Des résultats avérés

"Je pense que cela jette encore une fois la suspicion sur les agents", estime-t-il. "Ça ne va calmer personne, ni ceux qui vont être en face lorsqu'ils sont contrôlés - que ce soit dans un quartier difficile ou un quartier dit bourgeois - ni les policiers, qui se sentiront suspectés", poursuit-il. "Alliance police nationale a été dans la vigilance par rapport à ce dispositif, mais favorable. Ça a commencé en 2013 dans les zones de sécurité prioritaires. Nous avions la maîtrise et ça a fait baisser, en effet, le nombre de conflits. C'est utile. Les policiers ne se sont pas sentis suspectés parce qu'ils avaient la maîtrise du déclenchement et puis finalement les choses se sont bien passées", raconte le secrétaire générale d'Alliance, qui aurait voulu "laisser le système comme il était, ça se passait très bien". 

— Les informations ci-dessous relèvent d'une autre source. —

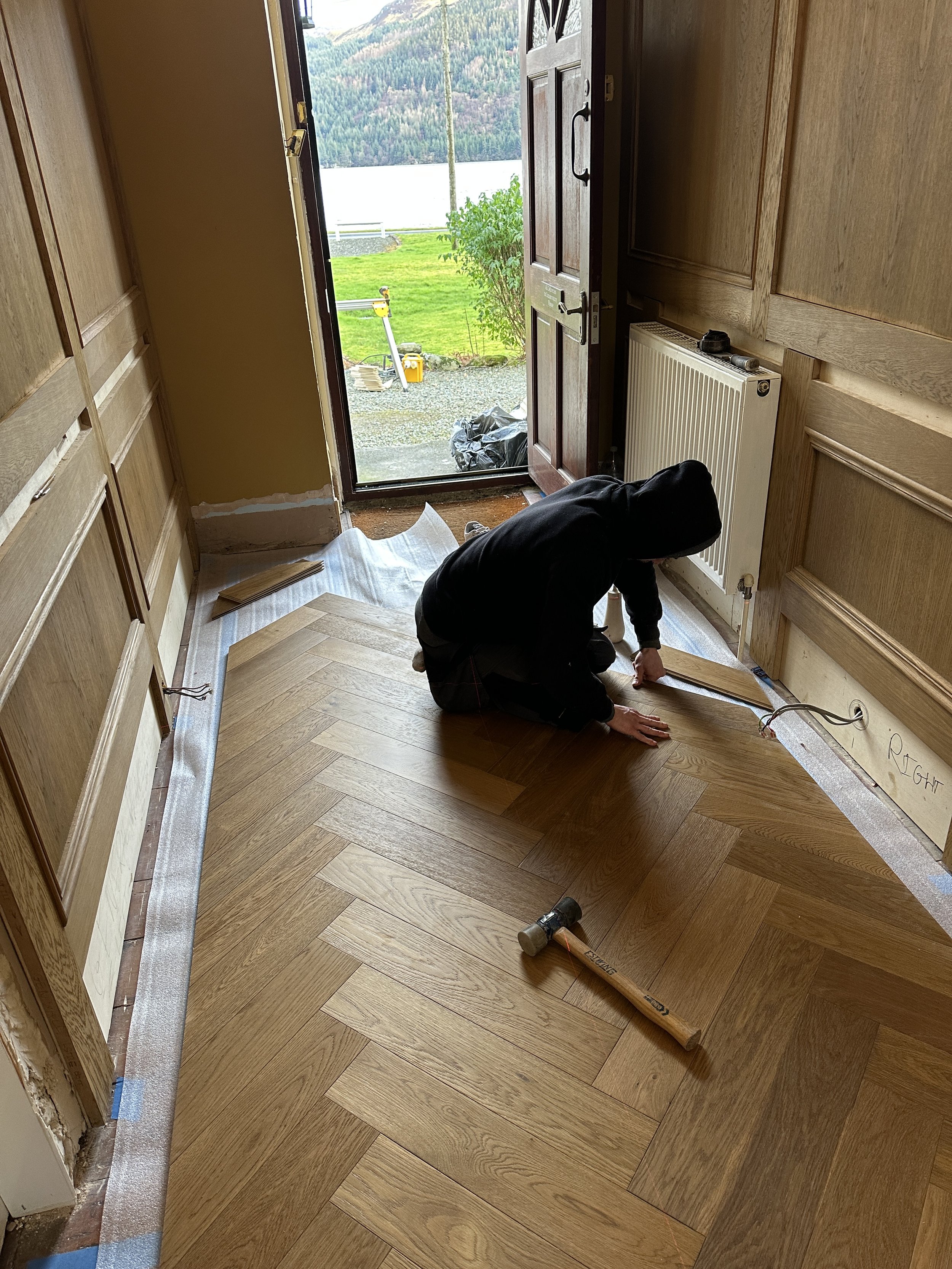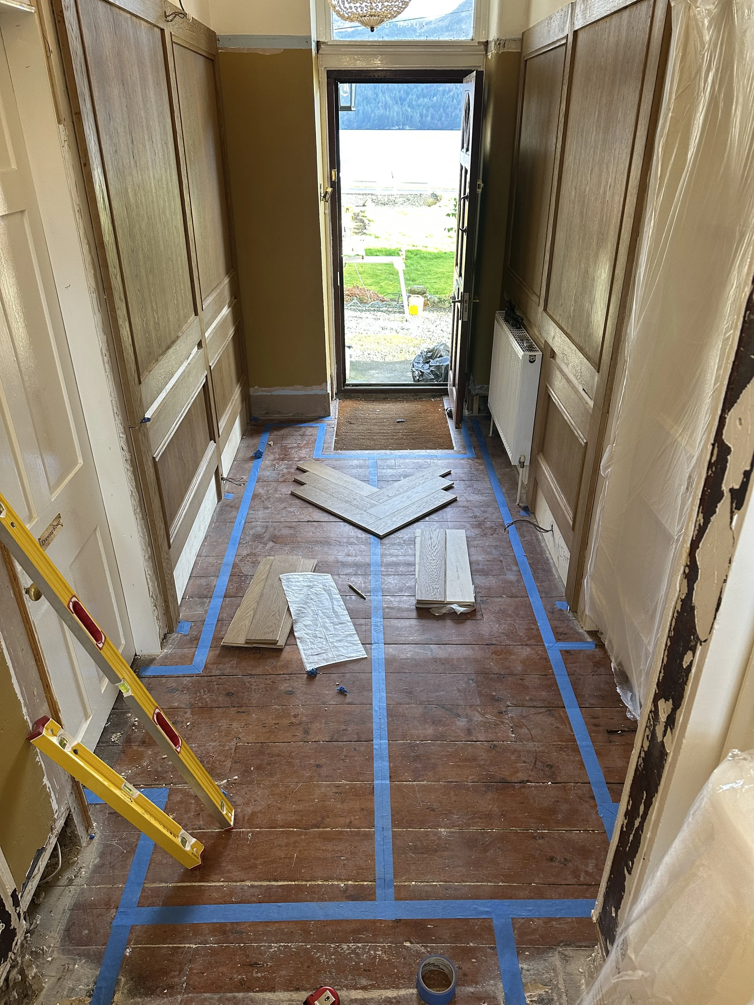 Above is a hallway we’re doing panelling and some herringbone flooring to. More pictures & videos to come over the next month. Oak with a stain called “Antique Bronze” from Rubio Monocoat.

À propos de l'affaire Théo, "il y a ceux qui a priori savent tout avant que l'enquête soit terminée", estime Jean-Claude Delage. "Les policiers n'ont pas vocation sur le terrain à aller mal se comporter ou à contrôler telle ou telle personne issue de telle ou telle origine. La police elle est républicaine, diverse, variée. Il y a des policiers de couleur, des policiers blancs, et ils font leur travail dans les règles de déontologie et s'il ne le font pas, ils sont sanctionnés", poursuit-il.